# Exercise instructions
In the listing below, write out exactly each line from the first through the one containing "OPPO A77s ให้คุณ".
=======
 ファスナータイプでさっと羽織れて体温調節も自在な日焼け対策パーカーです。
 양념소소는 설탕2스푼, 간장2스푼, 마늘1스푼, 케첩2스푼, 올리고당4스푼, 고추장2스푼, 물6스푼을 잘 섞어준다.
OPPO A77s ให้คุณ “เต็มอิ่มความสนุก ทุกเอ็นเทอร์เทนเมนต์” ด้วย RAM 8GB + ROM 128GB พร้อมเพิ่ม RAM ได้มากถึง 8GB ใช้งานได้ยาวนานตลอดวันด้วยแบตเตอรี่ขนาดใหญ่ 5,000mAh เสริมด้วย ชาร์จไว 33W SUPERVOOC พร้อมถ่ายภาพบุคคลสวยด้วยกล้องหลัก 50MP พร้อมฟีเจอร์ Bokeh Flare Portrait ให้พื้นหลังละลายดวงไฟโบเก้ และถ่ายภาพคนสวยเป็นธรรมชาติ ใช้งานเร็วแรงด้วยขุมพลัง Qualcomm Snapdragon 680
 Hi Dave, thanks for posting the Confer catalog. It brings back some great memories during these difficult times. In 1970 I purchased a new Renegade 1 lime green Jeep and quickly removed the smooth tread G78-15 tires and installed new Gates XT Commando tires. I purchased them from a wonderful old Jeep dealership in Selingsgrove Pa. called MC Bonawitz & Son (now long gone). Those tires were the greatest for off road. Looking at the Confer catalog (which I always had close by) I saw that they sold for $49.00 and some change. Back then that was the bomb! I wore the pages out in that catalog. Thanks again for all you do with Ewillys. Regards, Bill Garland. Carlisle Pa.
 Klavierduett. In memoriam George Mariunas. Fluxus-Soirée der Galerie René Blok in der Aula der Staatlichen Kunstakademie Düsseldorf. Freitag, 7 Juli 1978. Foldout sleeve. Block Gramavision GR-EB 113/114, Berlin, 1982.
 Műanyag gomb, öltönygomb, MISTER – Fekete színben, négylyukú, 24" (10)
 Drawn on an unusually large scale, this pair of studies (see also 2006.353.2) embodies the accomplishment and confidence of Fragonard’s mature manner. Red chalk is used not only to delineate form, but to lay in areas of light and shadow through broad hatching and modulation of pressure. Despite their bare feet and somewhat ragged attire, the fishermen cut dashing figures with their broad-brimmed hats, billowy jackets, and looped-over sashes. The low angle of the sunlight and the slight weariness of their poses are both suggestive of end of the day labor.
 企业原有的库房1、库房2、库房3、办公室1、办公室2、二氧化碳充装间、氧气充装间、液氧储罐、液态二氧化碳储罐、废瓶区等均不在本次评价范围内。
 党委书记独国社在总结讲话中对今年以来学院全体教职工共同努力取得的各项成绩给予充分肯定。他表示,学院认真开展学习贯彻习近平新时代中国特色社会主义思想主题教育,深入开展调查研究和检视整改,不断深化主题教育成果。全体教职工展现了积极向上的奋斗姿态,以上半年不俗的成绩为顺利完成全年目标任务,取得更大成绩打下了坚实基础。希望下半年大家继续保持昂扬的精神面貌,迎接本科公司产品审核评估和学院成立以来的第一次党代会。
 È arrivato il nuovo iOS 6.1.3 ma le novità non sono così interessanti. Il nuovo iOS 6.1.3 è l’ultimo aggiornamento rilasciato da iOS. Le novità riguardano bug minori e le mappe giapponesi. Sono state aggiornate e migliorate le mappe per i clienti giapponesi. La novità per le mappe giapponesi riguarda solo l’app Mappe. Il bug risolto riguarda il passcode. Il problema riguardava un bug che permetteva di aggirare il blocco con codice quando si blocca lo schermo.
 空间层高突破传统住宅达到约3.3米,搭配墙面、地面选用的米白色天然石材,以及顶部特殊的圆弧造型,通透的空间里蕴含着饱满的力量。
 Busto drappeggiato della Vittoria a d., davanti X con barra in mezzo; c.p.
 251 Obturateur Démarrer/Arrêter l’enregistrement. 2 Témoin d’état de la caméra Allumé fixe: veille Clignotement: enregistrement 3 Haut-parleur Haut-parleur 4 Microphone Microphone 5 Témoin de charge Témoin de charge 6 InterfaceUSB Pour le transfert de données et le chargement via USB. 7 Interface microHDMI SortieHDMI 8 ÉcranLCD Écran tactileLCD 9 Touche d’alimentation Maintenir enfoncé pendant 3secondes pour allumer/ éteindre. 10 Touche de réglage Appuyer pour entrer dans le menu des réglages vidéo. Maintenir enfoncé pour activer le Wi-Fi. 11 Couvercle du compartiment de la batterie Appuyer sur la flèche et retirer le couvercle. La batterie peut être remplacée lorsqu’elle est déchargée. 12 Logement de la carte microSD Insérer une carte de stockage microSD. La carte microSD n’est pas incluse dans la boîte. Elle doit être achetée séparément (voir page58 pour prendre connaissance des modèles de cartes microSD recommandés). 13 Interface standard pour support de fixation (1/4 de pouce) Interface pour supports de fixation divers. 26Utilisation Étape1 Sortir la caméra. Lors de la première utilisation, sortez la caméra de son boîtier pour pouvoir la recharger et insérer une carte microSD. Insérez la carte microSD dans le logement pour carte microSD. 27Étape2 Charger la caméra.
=======
# Task answer
 ファスナータイプでさっと羽織れて体温調節も自在な日焼け対策パーカーです。
 양념소소는 설탕2스푼, 간장2스푼, 마늘1스푼, 케첩2스푼, 올리고당4스푼, 고추장2스푼, 물6스푼을 잘 섞어준다.
OPPO A77s ให้คุณ “เต็มอิ่มความสนุก ทุกเอ็นเทอร์เทนเมนต์” ด้วย RAM 8GB + ROM 128GB พร้อมเพิ่ม RAM ได้มากถึง 8GB ใช้งานได้ยาวนานตลอดวันด้วยแบตเตอรี่ขนาดใหญ่ 5,000mAh เสริมด้วย ชาร์จไว 33W SUPERVOOC พร้อมถ่ายภาพบุคคลสวยด้วยกล้องหลัก 50MP พร้อมฟีเจอร์ Bokeh Flare Portrait ให้พื้นหลังละลายดวงไฟโบเก้ และถ่ายภาพคนสวยเป็นธรรมชาติ ใช้งานเร็วแรงด้วยขุมพลัง Qualcomm Snapdragon 680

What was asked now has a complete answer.